Tool calling lets the model invoke external functions by emitting structured <tool_call> blocks in its output. The pipeline injects the tool schema into the prompt automatically and parses any calls from the generated text, returning them in a response.

How it works

  1. You define tools with a name, description, and JSON Schema parameters.
  2. Attach them to a GenerationRequest via .with_tools(…).
  3. The pipeline formats the raw user message using the model's chat template with tools injected in <tools> XML tags (Qwen3 format).
  4. After generation, the pipeline scans the output for <tool_call>…</tool_call> blocks and deserialises each one into a ToolCall.

API example

{
  "type": "object",
  "properties": {
    "location": {
      "type": "string",
      "description": "City and country, e.g.

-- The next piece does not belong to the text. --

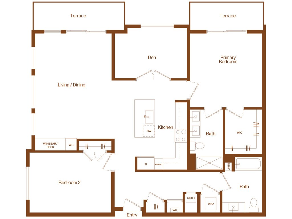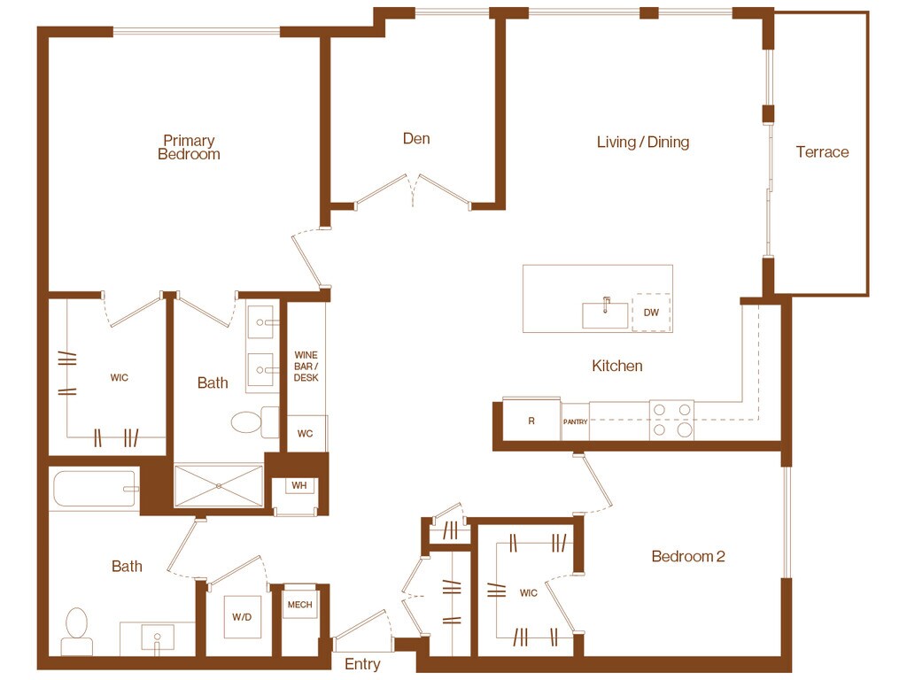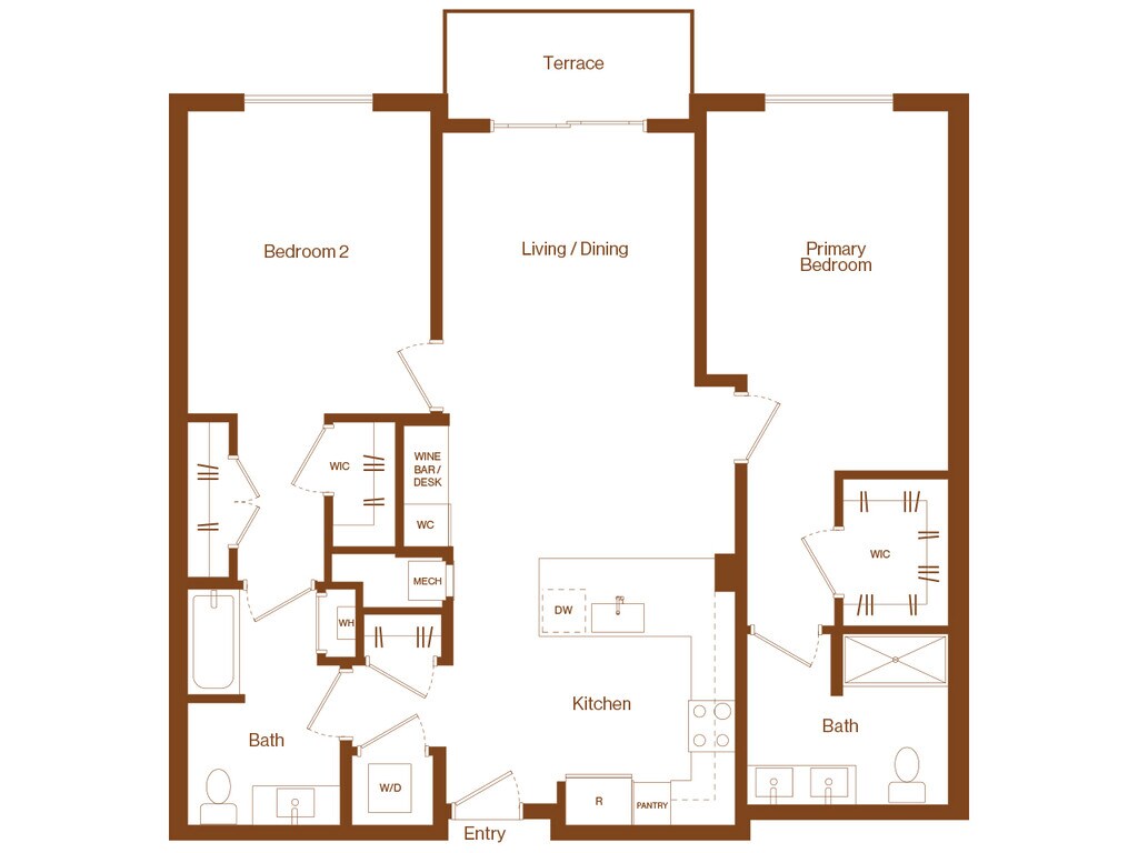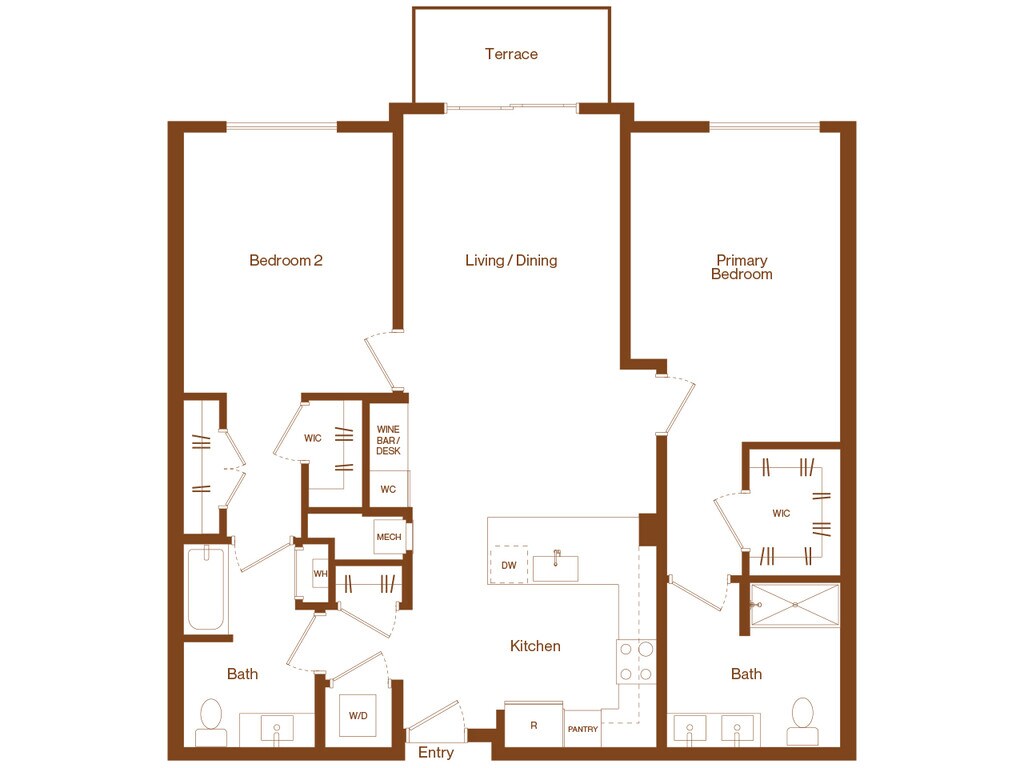 Modelo de apartamento: A5$2,9901 Dormitorio, 1 Baño, 815 sq ftDisponible Ahora![]()
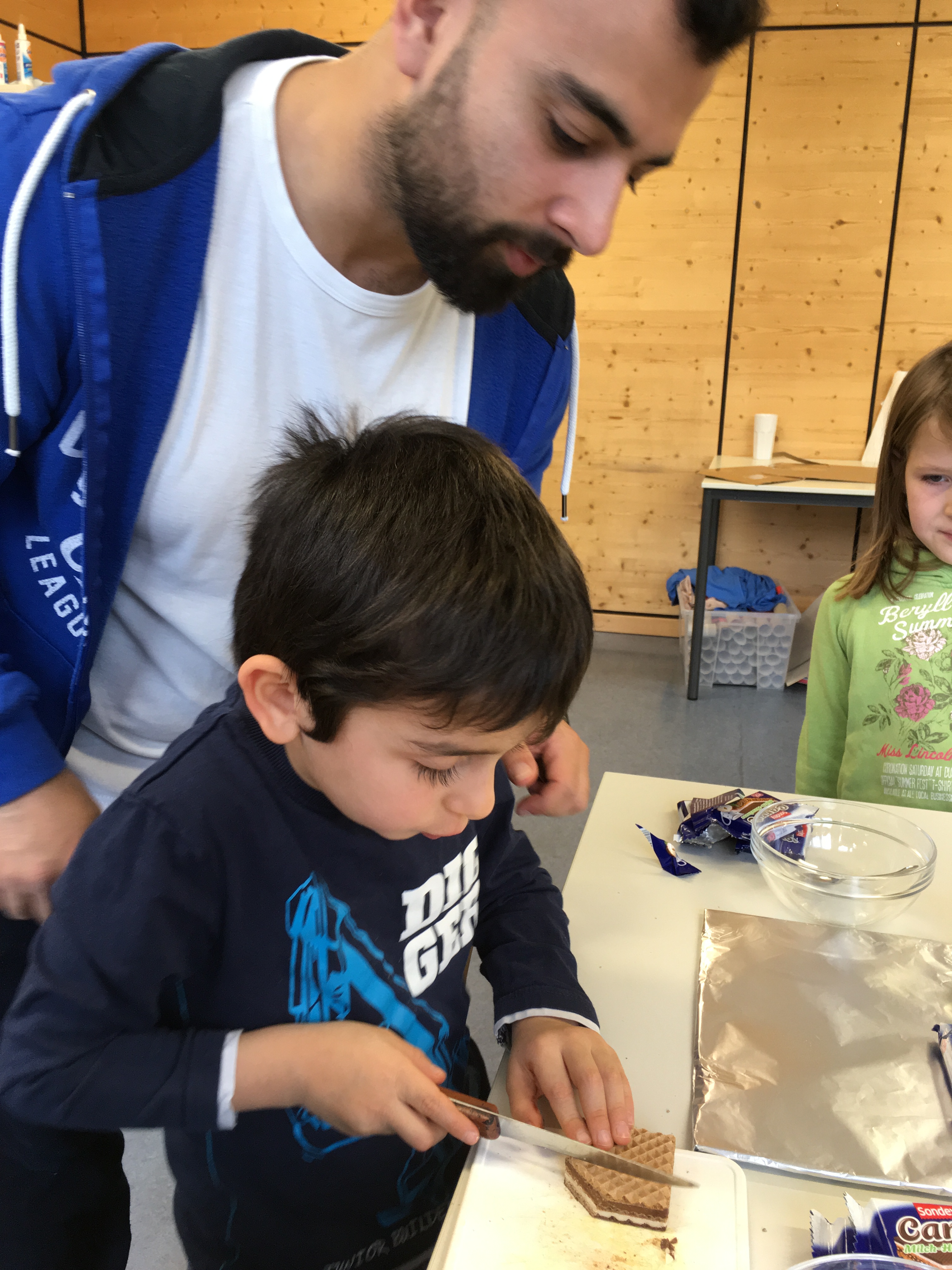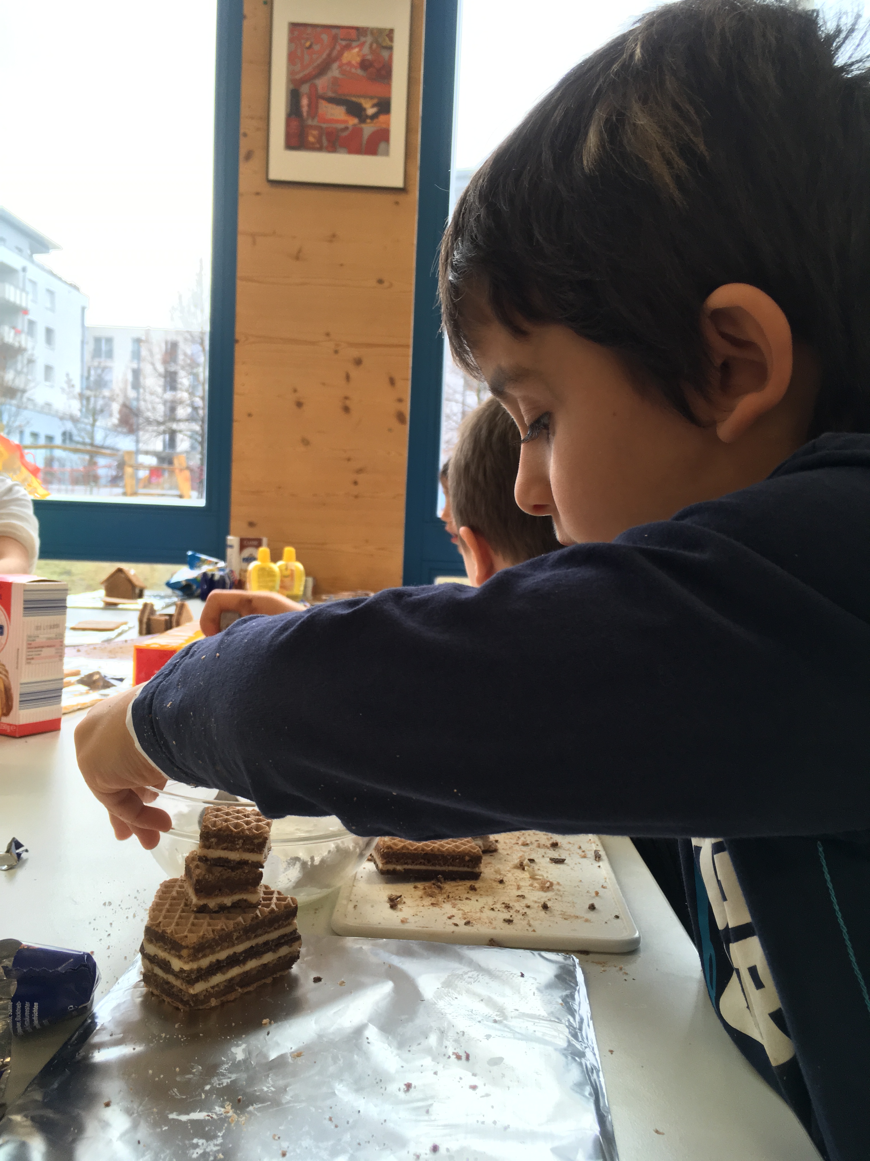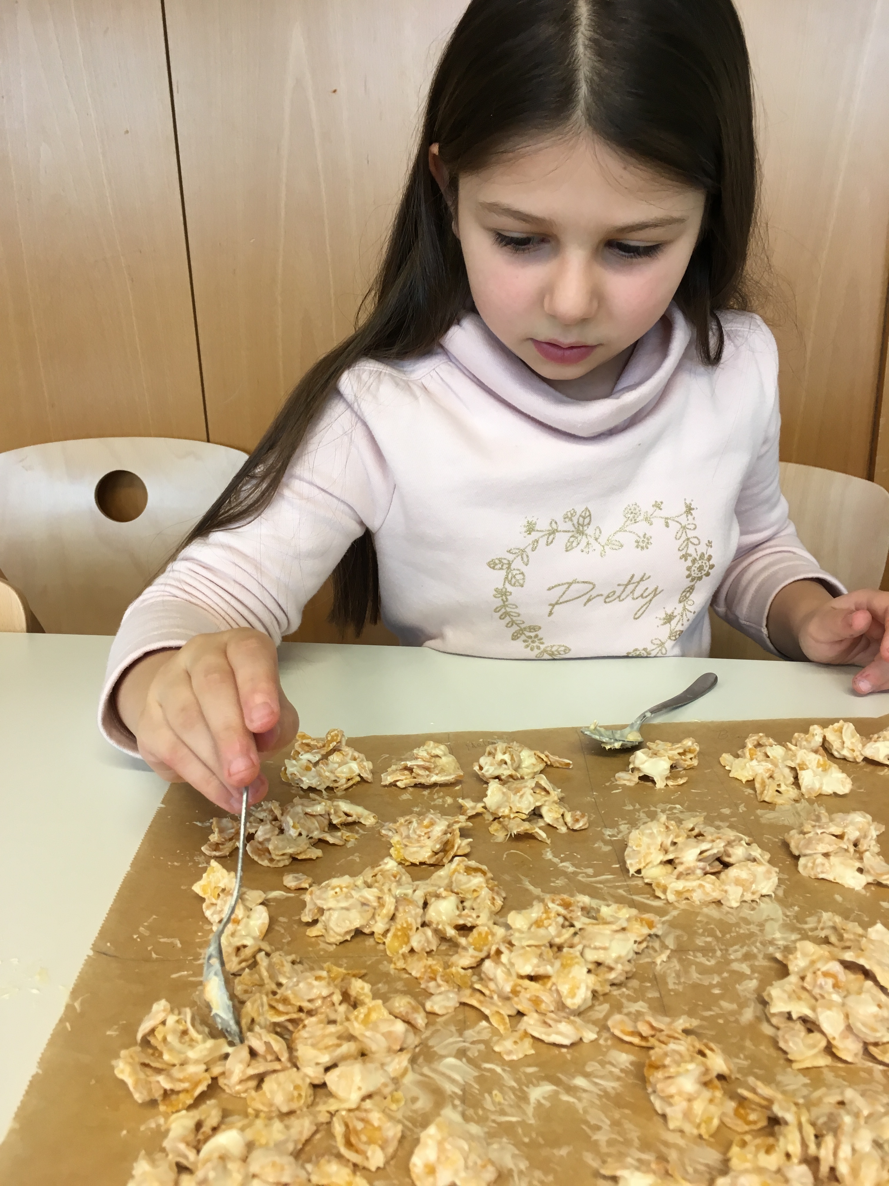 Gegen 11:30 Uhr verströmten schon die ersten selbstgebackenen Plätzchen ihren köstlichen Duft im Schulhaus und die Kinder zeigten sich sehr geschickt im Ausrollen des Teiges, im Ausstechen der Plätzchen und im Vernaschen derselben. Auch die knusprigen Schokoflakes waren eine Freude für die Kinder. Im Wasserbad wurden weiße und dunkle Schokolade geschmolzen, um sie dann mit Cornflakes zu vermischen und sie zu kleinen Häufchen zu stapeln. Gar nicht so einfach! Aber mit Ruhe und Geduld waren bald die ersten Bleche gemacht.

Paris, France"
    },
    "unit": {
      "type": "string",
      "enum": ["celsius", "fahrenheit"]
    }
  },
  "required": ["location"]
}

Prompt formatting

When tools are present, the pipeline formats calls internally — you do not need to pre-format the prompt yourself. Pass the raw user message as the prompt field.

Combining with thinking mode

Set --enable-thinking on the call to enable chain-of-thought reasoning alongside tool calling (supported on Qwen3 via the /think tag)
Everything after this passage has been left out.